В эту минуту в дверях комнатки появилось взволнованное лицо Аттилы, которое оповестило:
— Господа дорогие! Не знаю, с чего начать. Вот незадача!
— Начни с чего-нибудь, Аттила, да поскорее! Что там еще произошло? — вскочил я на ноги, чувствуя беду, а вместе с ней облегчение — что бы ни было, любая беда обещала освободить меня из плена невыносимых и сладостных воспоминаний.
— Во-первых, — ответил Аттила, — начинается буря. А во-вторых, на корабле бунт. Какие-то люди хотят захватить его и плыть совершенно в ином направлении.
— Что??? — в один голос вскрикнули я и мой собеседник.
Выхватив из ножен Канорус, я выбежал и тотчас же увидел дерущихся: людей.
Глава II. БИТВУ НА КОРАБЛЕ ВЕНЧАЕТ СТРАШНАЯ БУРЯ
Ужас положения заключался в том, прежде всего, что непонятно было, кто с кем и за что сражается. Немного легче стало, когда какой-то дюжий молодец с черною бородой и довольно злобным выражением лица весьма недружелюбно набросился прямо на меня, желая, как видно, пресечь мою молодую жизнь и заставить меня расстаться с миром на полпути к дому и Евпраксии. К этому заключению я пришел, отразив подряд несколько тяжких ударов, которые он взялся наносить по мне, целя разрубить мне голову.
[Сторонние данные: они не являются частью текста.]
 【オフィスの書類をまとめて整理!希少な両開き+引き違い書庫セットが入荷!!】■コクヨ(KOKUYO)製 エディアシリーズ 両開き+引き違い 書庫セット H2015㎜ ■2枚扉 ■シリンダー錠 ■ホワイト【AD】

Отразив его удары, я и сам тогда уж бросился в атаку, используя покамест лишь некоторые из приемов, которым я обучился за годы своих странствий по свету. Таким образом, пуская в ход не сразу все свои навыки, ты получаешь представление о том, с какого сорта противником имеешь дело, ибо, как показывает опыт, чаще всего люди, объединенные каким-то одним знаменем или устремлением, волей-неволей перенимают друг у друга умение биться и заряжаются неким единым уровнем боевого мастерства. В данном случае уровень оказался весьма средним, ибо стоило мне применить всего лишь пару или тройку особых приемов, как лезвие Каноруса почти неожиданно для меня погрузилось в человеческую плоть, затрещали кости, и мой противник с обиженным воем рухнул, истекая фонтанами крови.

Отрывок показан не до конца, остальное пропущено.